China's current strategy for AI self-sufficiency echoes previous national campaigns designed to cultivate domestic industrial champions and reduce reliance on foreign technology. A prime example is the rise of Huawei Technologies Co. Decades ago, Huawei, initially a relatively small player, benefited from significant state support, preferential policies, and a protected domestic market, allowing it to grow into a global telecommunications equipment giant. This model involved strategic investment, directed research and development, and a focus on building robust domestic supply chains, even if it meant slower initial progress.

Similarly, in other strategic sectors, the Chinese government has historically used a combination of state-backed funding, policy directives, and market protection to nurture local industries. This approach often involves setting ambitious targets, allocating substantial capital, and encouraging collaboration between state-owned enterprises, research institutions, and private companies. The explicit goal of achieving 80% domestic chip usage in the new AI data centers, coupled with the $295 billion investment and the involvement of state-owned entities like China Mobile and China Telecom, aligns directly with this established pattern. It indicates a long-term, top-down commitment to building an indigenous AI 'stack' – from the foundational chips to the large-scale computing infrastructure – rather than a short-term reaction to trade restrictions.

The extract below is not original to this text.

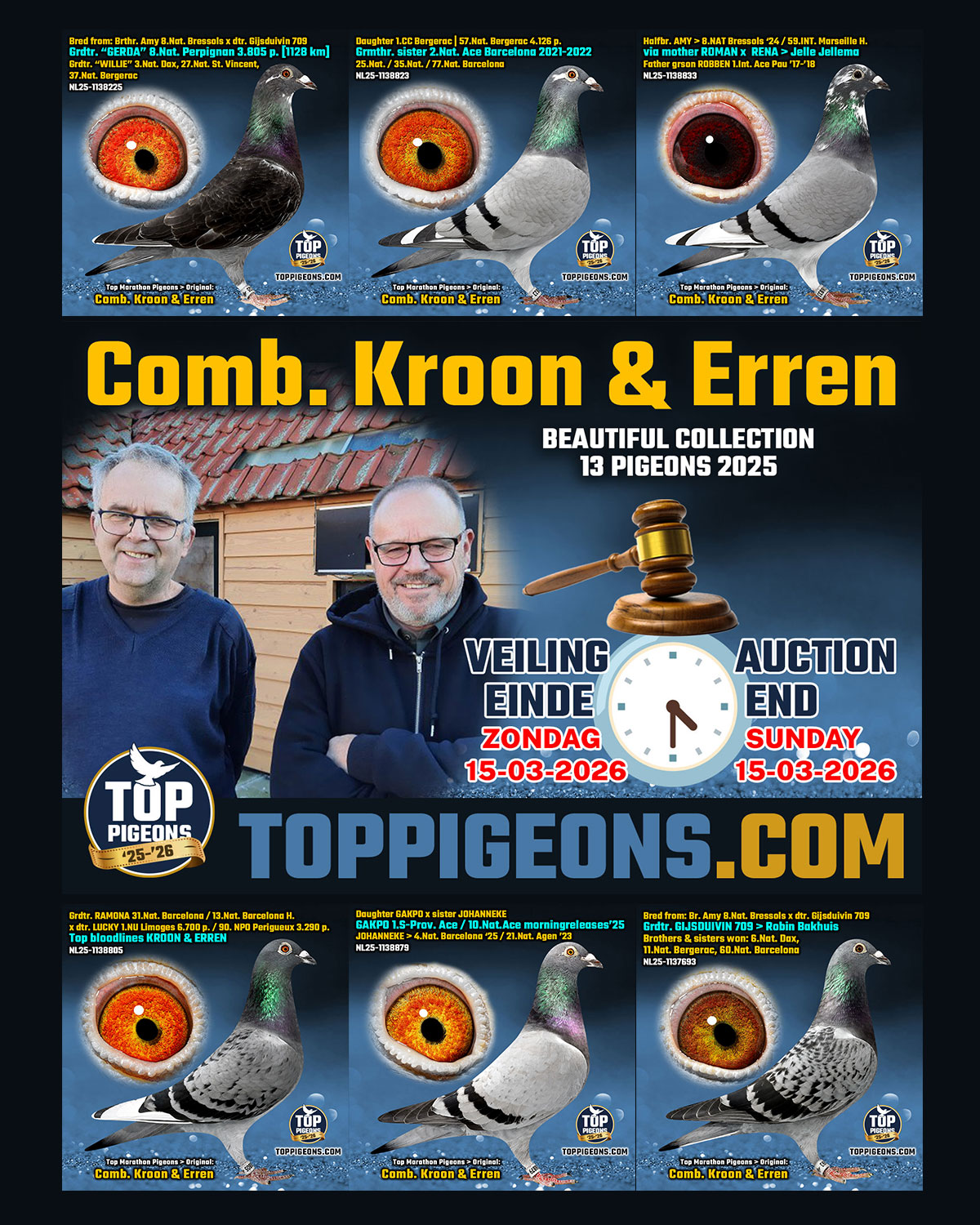 🔥 Top quality from the Kroon & Erren combination now exclusively at Top Pigeons This is a fantastic opportunity for fans of marathon racing, character, and proven performance lines. Through a Top Pigeons partner, a select group of pigeons from the renowned Kroon & Erren combination is being offered – a combination that has guaranteed consistent top performances and a keen eye for quality for years. Now up for auction: 13 pigeons from 2025 with top pedigrees.
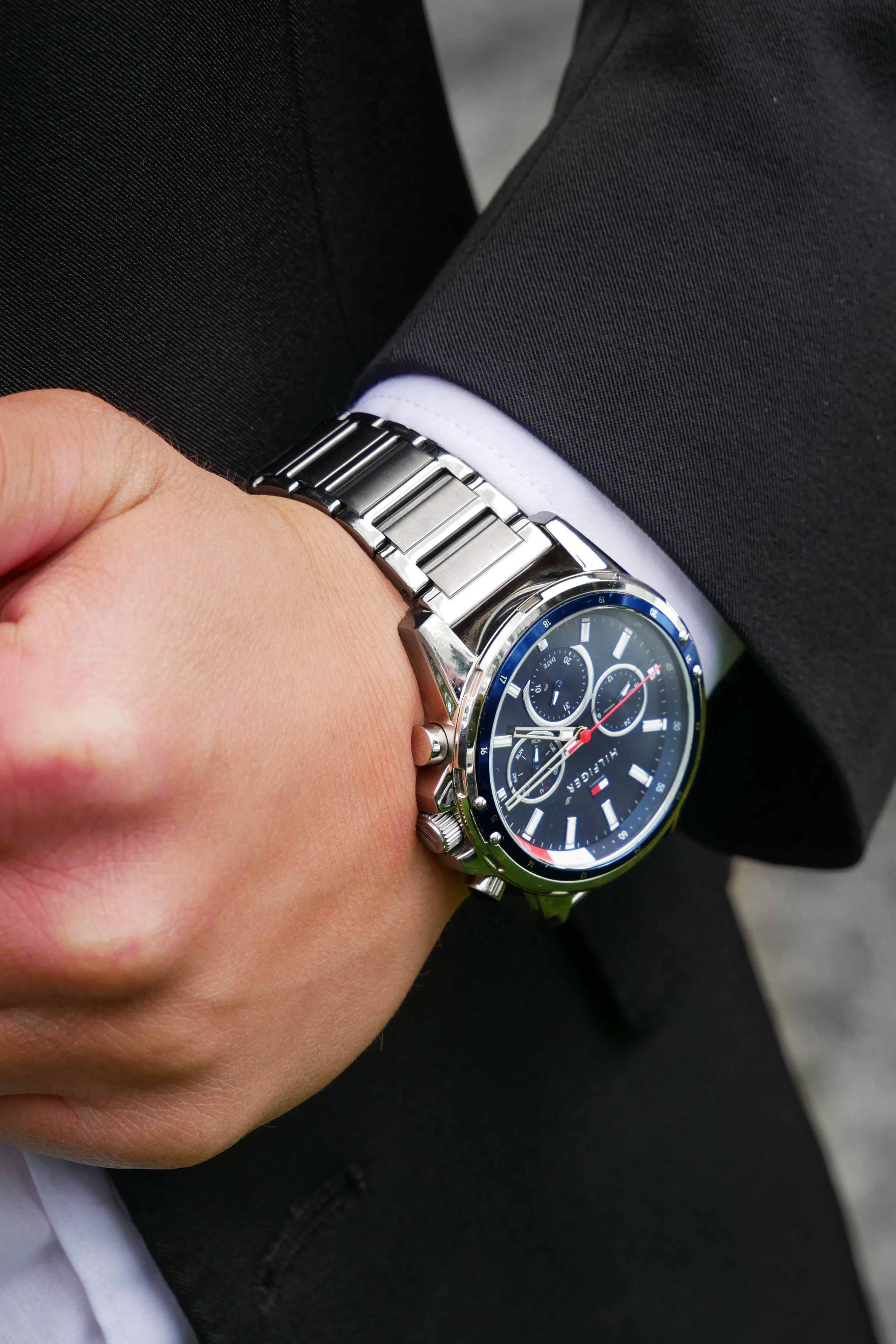 - Man's wrist wearing a silver wristwatch

The shift by China to build its AI infrastructure using exclusively domestic chips carries profound consequences for the global technology industry, national economies, and the future of artificial intelligence development. For US chipmakers, particularly Nvidia, it signals a potential long-term loss of market share in one of the world's largest and fastest-growing AI markets. Even if Chinese chips are not yet on par with the most advanced US offerings, the sheer scale of China's planned $295 billion investment ensures that domestic alternatives will rapidly improve and find widespread adoption within China.

This move also represents a significant step towards a bifurcated global technology ecosystem. As China pushes for self-reliance, it will inevitably create a distinct set of hardware and software standards, potentially leading to two parallel AI development paths. This could complicate international collaboration, fragment research efforts, and force global companies to choose sides or develop separate offerings for different markets. For consumers and businesses, this could mean variations in AI product performance, compatibility, and availability depending on their geographic location.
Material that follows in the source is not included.